La estadounidense Amber Glenn actúa el domingo por la noche. Fotografía: Filippo Tomasi/IPA Sport/ipa-agency.net/Shutterstock

Los estadounidenses necesitaban estabilidad en este segmento y la consiguieron con Ellie Kam y Danny O’Shea (los perdedores de un equipo estadounidense formado por actuales campeones mundiales en todas las demás disciplinas) que ofrecieron el mejor patinaje libre de su asociación cuando más importaba. Su programa, un popurrí que incluía Sweet Dreams de Eurythmics y Everybody Wants to Rule the World de Tears For Fears, obtuvo 135,36 puntos, limitando el daño al mantener a Estados Unidos por delante de Canadá e impedir un giro mayor hacia Japón.

“Entramos al hielo con emociones positivas y una actitud de ataque”, dijo O’Shea. “Se podía ver en el hielo”.

El impulso de Japón continuó en el patinaje libre femenino. Kaori Sakamoto realizó una actuación impresionante con 148,62 puntos para ganar el segmento y superar a los EE.UU. restantes. dirigir. El resultado empeoró cuando la estadounidense Amber Glenn, compitiendo en lugar de la campeona mundial Alysa Liu, terminó tercera después de múltiples errores, incluido un trompo en su primer intento de triple Axel y una combinación fallida más adelante en el programa.

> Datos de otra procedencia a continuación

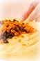 ケースを逆さに返して、生地を台に取り出し、レーズン、ニンジンの甘煮を混ぜ、生地の重量を計りカードで2等分し、更に3等分に分け、各々細長く伸ばす。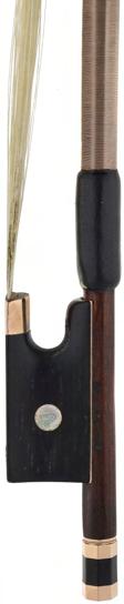 PRIVATE COLLECTION - German gold mounted violin bow by and faintly stamped Albin Hums, the stick octagonal, the ebony frog inlaid with pearl eyes and the ebony adjuster with two gold bands, 62gm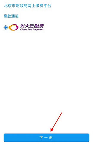 (2) 点开链接会出现学校信息、应缴费学生姓名、金额,点击下方蓝色缴费按钮进入缴款通道--光大云缴费,点击下一步。
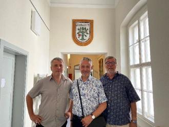 Antrittsbesuch von Bürgermeister Jung in Oranienburg bei Bürgermeister Alexander Laesicke (links) und Alt-Bürgermeister Hansi Laesicke (rechts), Foto: Stadt Oburg

“Me siento culpable. Lamento haber ejercido ese tipo de presión sobre Ilia”, dijo Glenn después. “No era lo que quería sentir. La adrenalina estaba realmente bombeando y creo que me estrellé un poco”.

El cambio dejó a los dos países empatados en el patinaje libre masculino, aunque Japón técnicamente conservó la ventaja después de ganar más segmentos individuales a lo largo del evento.

Malinin finalmente logró la actuación final que Estados Unidos necesitaba, consolidando su reputación como el rematador de alta presión más confiable del deporte. Hijo de los ex patinadores olímpicos Tatiana Malinina y Roman Skorniakov, creció en competiciones de élite, pero el domingo representó su primer momento olímpico como ancla indiscutible de la defensa del título por equipos.

La victoria estadounidense se construyó en toda la plantilla. Los campeones mundiales de danza sobre hielo Madison Chock y Evan Bates ganaron ambos segmentos al principio de la competencia, proporcionando puntos iniciales críticos que finalmente resultaron decisivos en la clasificación final. Los compañeros de equipo llamaron en broma al dúo casado Sr. y Sra. América, un guiño a su coherencia y liderazgo en el equipo.

El título también conlleva un contexto histórico. Estados Unidos fue elevado a campeón olímpico por equipos en los Juegos de Invierno de Beijing después de que Rusia fuera despojada del oro tras el asunto de dopaje de Kamila Valieva, mientras que Japón también ganó la plata. El resultado del domingo marcó la primera vez que los estadounidenses defendieron su título sobre el hielo.

Para Italia, el bronce representó un momento decisivo. La nación anfitriona nunca antes había ganado una medalla en la prueba por equipos, y sus sólidas actuaciones a lo largo de la semana, incluido un patinaje libre para el público de Matteo Rizzo, les permitieron mantener a raya a sus rivales, incluida Georgia, que finalizó cuarta y todavía busca su primera medalla olímpica de invierno en cualquier deporte.

Al final, la competencia se redujo a una ecuación olímpica familiar: riesgo técnico versus ejecución, profundidad versus poder de estrella y la capacidad de cumplir en el momento final. El domingo por la noche, con el título en juego, Malinin hizo precisamente eso: no de manera perfecta, pero sí lo suficientemente decisiva como para mantener el oro olímpico por equipos en manos de los estadounidenses.